» Work task
Give back every record exactly, with its pictures left out.

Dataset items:

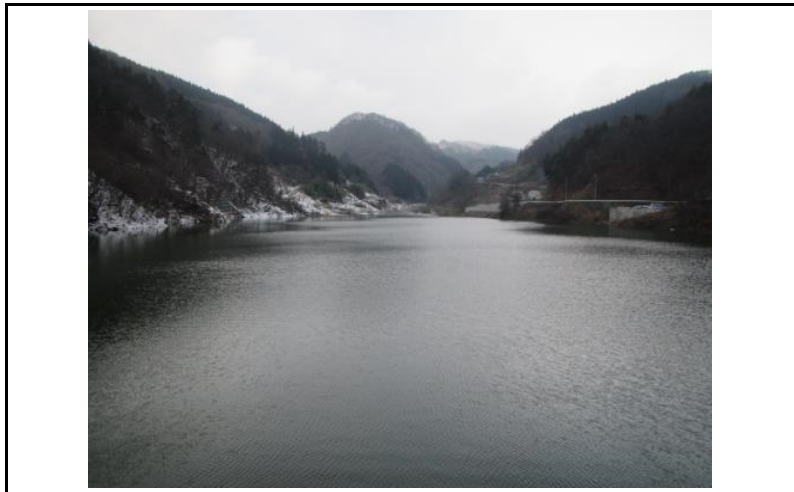
3 貯水池(ダムから上流)
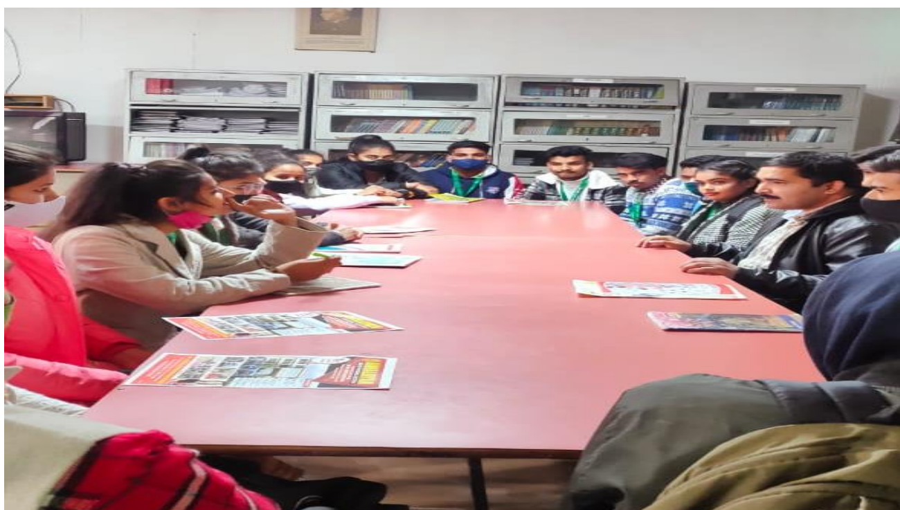
Photograph 2 Students of B.Com 3 rd Yr in Himalayan Institute of Management Library
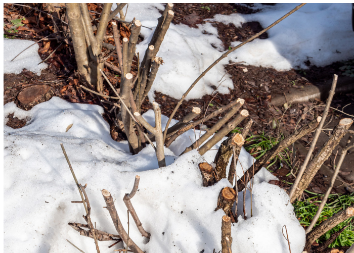
Stark überalterte Heckenabschnitte sollen in Lankow und Wickendorf „auf den Stock gesetzt“ werden.

Rückfragen richten interessierte Bürger gern an den Fachdienst Umwelt unter der Telefonnummer 0385 545-2452.
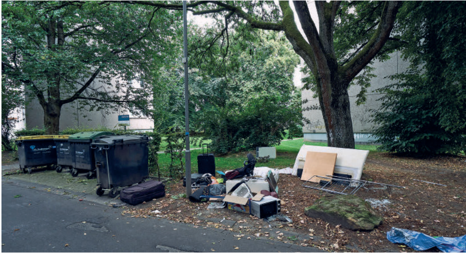
Müll der Vonovia-Häuser

An den anschließenden rasenden Nachtfahrten waren Schüler der Schule beteiligt.“ 6
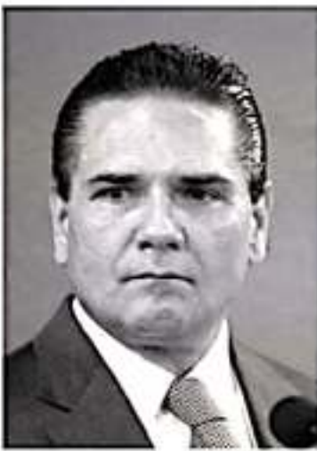
Silvano Aureoles Conejo.

Paradójicamente, es en el principal activo que tienen los morenistas donde se ve en este momento la mayor debilidad. Dicho de otra manera, el partido no está construyendo una ruta que le permita a Morena mantener la ventaja que revelan las encuestas, y que esa fuerza que tendría en las urnas le dé una base sólida para elegir un candidato afín a sus principios, no por marketing político.
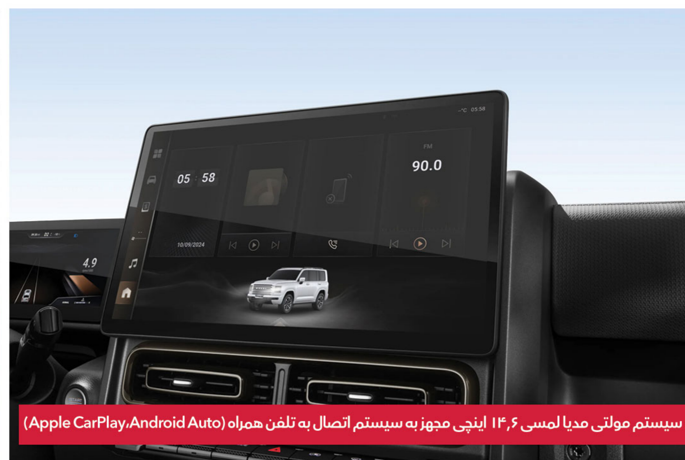
سیستم مولتی مدیا لمسی ۱۴٫۶ اینچی مجهز به سیستم اتصال به تلفن همراه (Apple CarPlay, Android Auto)
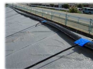
屋根散水装置(群馬県開発) *3
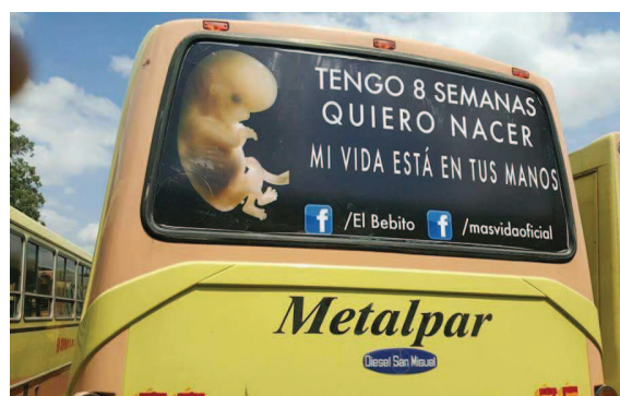
Ilustración 5: Campaña El Bebito, autobuses de Tucumán: “Tengo 8 semanas, quiero nacer. Mi vida está en tus manos”. Publicada en: http://masvidaoficial.org/galeria-de-fotos/

Sumándose a estas movilizaciones, el grupo Católico Tucumán Pro Vida convocaba otra marcha el lunes 27 de marzo en el Instituto de Maternidad de Tucumán. Según su comunicado "en defensa de la vida humana, desde la concepción hasta la muerte natural" y contra el "lobby abortista" (Anexo I, art. 50).
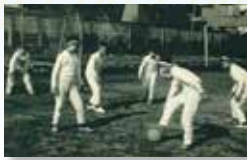
昔の体育授業の様子
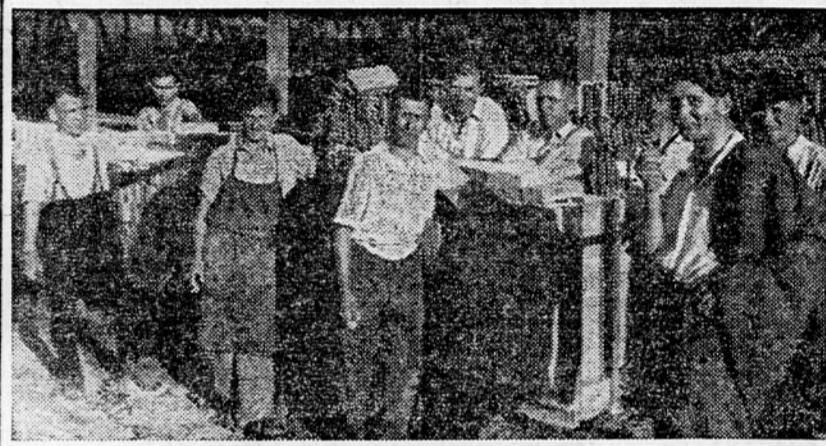
Ljubljanski poštni uslužbenci na karnah na Brdu

Tudi Združene opekarne na Brdu pri Ljubljani so v polnem razmahu za obnovo naše porušene domovine. Da bi bili po okupatorju uničen domovi čim prej obnovljeni, so se 120 stalnih delavcem pridružili se ljubljanski poštni nameščenci. Za delo so vsi krepko in resno poprijeli in delajo sleherni dan od 15. do 18. ure v skupnari po 30 oseb. Čeprav niso vajeni takega dela, jim gre vendar uspešno izpod rok. Saj delajo z veseljem in podrti z željo, da tudi oni pripomorejo kar največ pri obnovi domovine. Dogovorjeni so, da bodo plačilo ob zaključku dela poklonili

» Output for this exercise
3 貯水池(ダムから上流)
Photograph 2 Students of B.Com 3 rd Yr in Himalayan Institute of Management Library
Stark überalterte Heckenabschnitte sollen in Lankow und Wickendorf „auf den Stock gesetzt“ werden.

Rückfragen richten interessierte Bürger gern an den Fachdienst Umwelt unter der Telefonnummer 0385 545-2452.
Müll der Vonovia-Häuser

An den anschließenden rasenden Nachtfahrten waren Schüler der Schule beteiligt.“ 6
Silvano Aureoles Conejo.

Paradójicamente, es en el principal activo que tienen los morenistas donde se ve en este momento la mayor debilidad. Dicho de otra manera, el partido no está construyendo una ruta que le permita a Morena mantener la ventaja que revelan las encuestas, y que esa fuerza que tendría en las urnas le dé una base sólida para elegir un candidato afín a sus principios, no por marketing político.
سیستم مولتی مدیا لمسی ۱۴٫۶ اینچی مجهز به سیستم اتصال به تلفن همراه (Apple CarPlay, Android Auto)
屋根散水装置(群馬県開発) *3
Ilustración 5: Campaña El Bebito, autobuses de Tucumán: “Tengo 8 semanas, quiero nacer. Mi vida está en tus manos”. Publicada en: http://masvidaoficial.org/galeria-de-fotos/

Sumándose a estas movilizaciones, el grupo Católico Tucumán Pro Vida convocaba otra marcha el lunes 27 de marzo en el Instituto de Maternidad de Tucumán. Según su comunicado "en defensa de la vida humana, desde la concepción hasta la muerte natural" y contra el "lobby abortista" (Anexo I, art. 50).
昔の体育授業の様子
Ljubljanski poštni uslužbenci na karnah na Brdu

Tudi Združene opekarne na Brdu pri Ljubljani so v polnem razmahu za obnovo naše porušene domovine. Da bi bili po okupatorju uničen domovi čim prej obnovljeni, so se 120 stalnih delavcem pridružili se ljubljanski poštni nameščenci. Za delo so vsi krepko in resno poprijeli in delajo sleherni dan od 15. do 18. ure v skupnari po 30 oseb. Čeprav niso vajeni takega dela, jim gre vendar uspešno izpod rok. Saj delajo z veseljem in podrti z željo, da tudi oni pripomorejo kar največ pri obnovi domovine. Dogovorjeni so, da bodo plačilo ob zaključku dela poklonili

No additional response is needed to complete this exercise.